Mantissa: Look up $56$ under $0$. $\log 0.56 = \bar{1}.7482$ Perform multiplication by powers: $\frac{1}{3} \log 78.9 = \frac{1}{3} \times 1.8971 = 0.6324$ (approx) $\frac{1}{2} \log 0.56 = \frac{1}{2} \times \bar{1}.7482$ Note for negative characteristic: Convert $\bar{1}.7482$ into a form easily divisible by 2. $\bar{1}.7482 = -1 + 0.7482 = (-2 + 1) + 0.7482 = -2 + 1.7482$.
Now divide by 2: $\frac{1}{2} (-2 + 1.7482) = -1 + 0.8741 = \bar{1}.8741$.
Subtract the logarithms: $\log P = 0.6324 - \bar{1}.8741$ $\log P = 0.6324 - (-1 + 0.8741)$ $\log P = 0.6324 + 1 - 0.8741$ $\log P = 1.6324 - 0.8741 = 0.7583$ Find antilog 0.7583: Mantissa: $0.7583$. Look up $75$ under $8$, difference $3$. Antilog of $0.7583 \approx 5.732$ (from table: 75 under 8 is 5728, mean diff for 3 is 4, so 5728+4=5732).
Characteristic: $0$. So, $0+1=1$ digit before the decimal. $P = 5.732$
Financial Calculations in Nigerian Businesses: Logarithms are extensively used in finance to calculate compound interest, growth rates of investments, and loan repayments over time. For example, a small business owner in Lagos might need to calculate the future value of an investment or the repayment schedule for a bank loan. Logarithms can simplify these exponential growth/decay calculations, especially when dealing with long periods or complex rates.
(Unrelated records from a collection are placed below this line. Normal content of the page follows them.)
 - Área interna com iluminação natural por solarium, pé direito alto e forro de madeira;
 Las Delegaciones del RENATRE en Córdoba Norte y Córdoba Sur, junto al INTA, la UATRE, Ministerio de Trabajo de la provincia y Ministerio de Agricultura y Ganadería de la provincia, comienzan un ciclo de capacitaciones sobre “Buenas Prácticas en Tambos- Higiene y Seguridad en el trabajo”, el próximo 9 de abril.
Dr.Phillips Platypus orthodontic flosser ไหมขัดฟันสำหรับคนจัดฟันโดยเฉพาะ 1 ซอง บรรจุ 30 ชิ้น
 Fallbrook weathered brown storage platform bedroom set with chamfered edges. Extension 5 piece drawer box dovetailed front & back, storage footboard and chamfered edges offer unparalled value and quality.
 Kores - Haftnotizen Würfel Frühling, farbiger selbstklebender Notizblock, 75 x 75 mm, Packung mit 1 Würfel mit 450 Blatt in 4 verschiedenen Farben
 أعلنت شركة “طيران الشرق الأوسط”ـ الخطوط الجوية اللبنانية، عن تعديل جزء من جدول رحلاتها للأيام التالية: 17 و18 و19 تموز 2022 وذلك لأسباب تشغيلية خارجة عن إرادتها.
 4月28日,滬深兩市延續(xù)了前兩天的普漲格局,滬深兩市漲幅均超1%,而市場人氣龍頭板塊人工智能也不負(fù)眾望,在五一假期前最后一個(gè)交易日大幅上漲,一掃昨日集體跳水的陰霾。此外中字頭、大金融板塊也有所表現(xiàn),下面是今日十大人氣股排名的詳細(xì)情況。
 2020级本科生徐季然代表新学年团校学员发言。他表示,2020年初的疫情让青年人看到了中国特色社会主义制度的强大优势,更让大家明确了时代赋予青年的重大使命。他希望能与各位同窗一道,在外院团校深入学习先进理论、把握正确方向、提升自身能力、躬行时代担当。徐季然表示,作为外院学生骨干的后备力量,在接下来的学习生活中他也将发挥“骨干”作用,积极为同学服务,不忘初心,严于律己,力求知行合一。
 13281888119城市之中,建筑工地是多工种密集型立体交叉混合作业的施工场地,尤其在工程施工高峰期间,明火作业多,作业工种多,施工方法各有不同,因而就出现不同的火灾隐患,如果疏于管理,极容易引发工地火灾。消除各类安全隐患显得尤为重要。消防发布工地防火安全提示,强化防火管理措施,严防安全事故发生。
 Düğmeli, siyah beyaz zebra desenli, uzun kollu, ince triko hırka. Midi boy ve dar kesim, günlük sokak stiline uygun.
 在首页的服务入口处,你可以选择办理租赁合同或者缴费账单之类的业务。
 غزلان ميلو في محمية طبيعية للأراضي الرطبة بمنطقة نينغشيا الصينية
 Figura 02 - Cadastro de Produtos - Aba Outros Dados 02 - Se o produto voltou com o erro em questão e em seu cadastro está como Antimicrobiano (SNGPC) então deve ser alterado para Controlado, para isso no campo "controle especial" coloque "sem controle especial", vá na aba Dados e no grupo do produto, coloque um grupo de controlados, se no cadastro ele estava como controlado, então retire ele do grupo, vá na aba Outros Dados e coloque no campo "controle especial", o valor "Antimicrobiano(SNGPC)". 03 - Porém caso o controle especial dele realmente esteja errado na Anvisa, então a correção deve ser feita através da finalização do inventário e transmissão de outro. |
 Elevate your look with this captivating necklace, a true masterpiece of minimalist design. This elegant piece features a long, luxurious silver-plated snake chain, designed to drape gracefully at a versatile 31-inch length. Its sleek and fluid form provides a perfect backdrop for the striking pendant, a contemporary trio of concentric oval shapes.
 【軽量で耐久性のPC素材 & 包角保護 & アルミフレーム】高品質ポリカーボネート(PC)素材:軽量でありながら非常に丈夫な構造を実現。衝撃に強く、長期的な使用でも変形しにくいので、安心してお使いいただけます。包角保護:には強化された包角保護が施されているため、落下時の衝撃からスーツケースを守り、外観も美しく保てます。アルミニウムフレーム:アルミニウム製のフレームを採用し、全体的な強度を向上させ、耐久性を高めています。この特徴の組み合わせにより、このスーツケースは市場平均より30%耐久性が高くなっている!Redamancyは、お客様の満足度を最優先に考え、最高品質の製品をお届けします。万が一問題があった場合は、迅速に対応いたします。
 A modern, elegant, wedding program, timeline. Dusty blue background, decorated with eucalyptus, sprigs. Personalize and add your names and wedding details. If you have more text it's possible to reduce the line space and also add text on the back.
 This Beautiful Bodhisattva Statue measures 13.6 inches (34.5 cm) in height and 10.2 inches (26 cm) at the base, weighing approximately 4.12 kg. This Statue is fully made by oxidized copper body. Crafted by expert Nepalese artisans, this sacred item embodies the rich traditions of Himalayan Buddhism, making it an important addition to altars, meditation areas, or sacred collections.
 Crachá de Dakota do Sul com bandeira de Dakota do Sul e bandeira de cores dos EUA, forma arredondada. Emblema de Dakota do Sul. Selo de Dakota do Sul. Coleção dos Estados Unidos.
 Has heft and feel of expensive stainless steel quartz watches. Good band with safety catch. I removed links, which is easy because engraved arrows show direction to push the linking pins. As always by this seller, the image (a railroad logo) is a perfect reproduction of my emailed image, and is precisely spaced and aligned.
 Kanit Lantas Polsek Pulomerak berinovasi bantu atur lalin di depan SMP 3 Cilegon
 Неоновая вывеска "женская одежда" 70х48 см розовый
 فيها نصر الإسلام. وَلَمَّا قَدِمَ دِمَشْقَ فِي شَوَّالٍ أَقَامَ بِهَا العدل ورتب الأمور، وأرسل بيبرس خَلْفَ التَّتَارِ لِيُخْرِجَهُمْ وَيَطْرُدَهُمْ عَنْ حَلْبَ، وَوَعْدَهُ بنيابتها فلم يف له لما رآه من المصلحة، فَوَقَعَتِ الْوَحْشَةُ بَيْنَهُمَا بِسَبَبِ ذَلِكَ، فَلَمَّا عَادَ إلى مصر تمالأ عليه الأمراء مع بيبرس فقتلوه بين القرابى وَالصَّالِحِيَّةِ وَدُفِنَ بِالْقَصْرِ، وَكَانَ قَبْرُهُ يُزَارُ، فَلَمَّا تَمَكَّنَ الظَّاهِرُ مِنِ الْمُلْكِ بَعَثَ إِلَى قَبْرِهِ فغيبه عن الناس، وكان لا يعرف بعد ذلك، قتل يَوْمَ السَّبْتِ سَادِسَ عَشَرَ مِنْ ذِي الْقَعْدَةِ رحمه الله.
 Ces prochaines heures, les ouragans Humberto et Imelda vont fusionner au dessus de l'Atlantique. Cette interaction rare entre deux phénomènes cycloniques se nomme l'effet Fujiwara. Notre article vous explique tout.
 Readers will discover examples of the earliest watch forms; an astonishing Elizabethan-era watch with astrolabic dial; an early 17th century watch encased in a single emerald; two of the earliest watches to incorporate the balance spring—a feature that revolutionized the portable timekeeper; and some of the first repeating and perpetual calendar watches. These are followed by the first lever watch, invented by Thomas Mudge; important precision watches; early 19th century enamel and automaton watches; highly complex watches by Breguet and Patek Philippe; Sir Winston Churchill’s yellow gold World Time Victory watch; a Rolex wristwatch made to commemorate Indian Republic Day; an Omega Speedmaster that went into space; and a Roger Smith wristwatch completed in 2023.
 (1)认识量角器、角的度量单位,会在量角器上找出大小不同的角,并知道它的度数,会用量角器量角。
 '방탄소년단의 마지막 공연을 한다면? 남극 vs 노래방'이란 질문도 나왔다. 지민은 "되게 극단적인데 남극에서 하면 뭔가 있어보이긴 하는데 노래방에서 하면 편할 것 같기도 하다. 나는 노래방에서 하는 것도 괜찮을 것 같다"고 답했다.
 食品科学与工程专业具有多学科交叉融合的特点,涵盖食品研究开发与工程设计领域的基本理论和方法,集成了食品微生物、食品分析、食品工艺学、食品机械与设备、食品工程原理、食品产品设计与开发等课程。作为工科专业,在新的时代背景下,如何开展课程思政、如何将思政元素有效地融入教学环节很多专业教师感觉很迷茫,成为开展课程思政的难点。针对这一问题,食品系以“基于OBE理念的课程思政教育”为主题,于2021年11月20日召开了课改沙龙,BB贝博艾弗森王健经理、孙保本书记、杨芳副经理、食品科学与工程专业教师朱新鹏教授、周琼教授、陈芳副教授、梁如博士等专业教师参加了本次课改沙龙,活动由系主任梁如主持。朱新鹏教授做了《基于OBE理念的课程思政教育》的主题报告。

Example: Calculating how many years it would take for a sum of money invested in a Nigerian bank to double at a given annual interest rate.
Formula for compound interest: $A = P(1 + r/n)^{nt}$. Taking logs can help solve for $t$ (time). Scientific Measurements and Environmental Studies: In Nigeria, particularly in environmental agencies or academic research, logarithms are crucial for measuring quantities that vary over a wide range. pH Scale: Used in agriculture and water quality monitoring to measure acidity or alkalinity. For instance, soil pH is vital for crop yield in different Nigerian regions. pH is defined as $-\log_{10}[H^+]$, where $[H^+]$ is the hydrogen ion concentration.
Sound Intensity (Decibels): Used in urban planning and noise pollution control (e.g., around major markets like Onitsha Main Market or transportation hubs). Decibel level is $10 \log_{10}(I/I_0)$, where $I$ is sound intensity.
Earthquake Magnitude (Richter Scale): Used by geologists to measure the energy released by earthquakes, relevant in regions with seismic activity. The Richter scale is logarithmic, comparing the amplitude of seismic waves.
Population Dynamics and Epidemiology: Logarithms can model population growth in Nigerian cities or the spread of diseases (epidemiology). Understanding logarithmic growth helps demographers and public health officials predict future trends and plan interventions. For instance, modeling the growth of Abuja's population or the spread of an infectious disease like cholera in a particular community.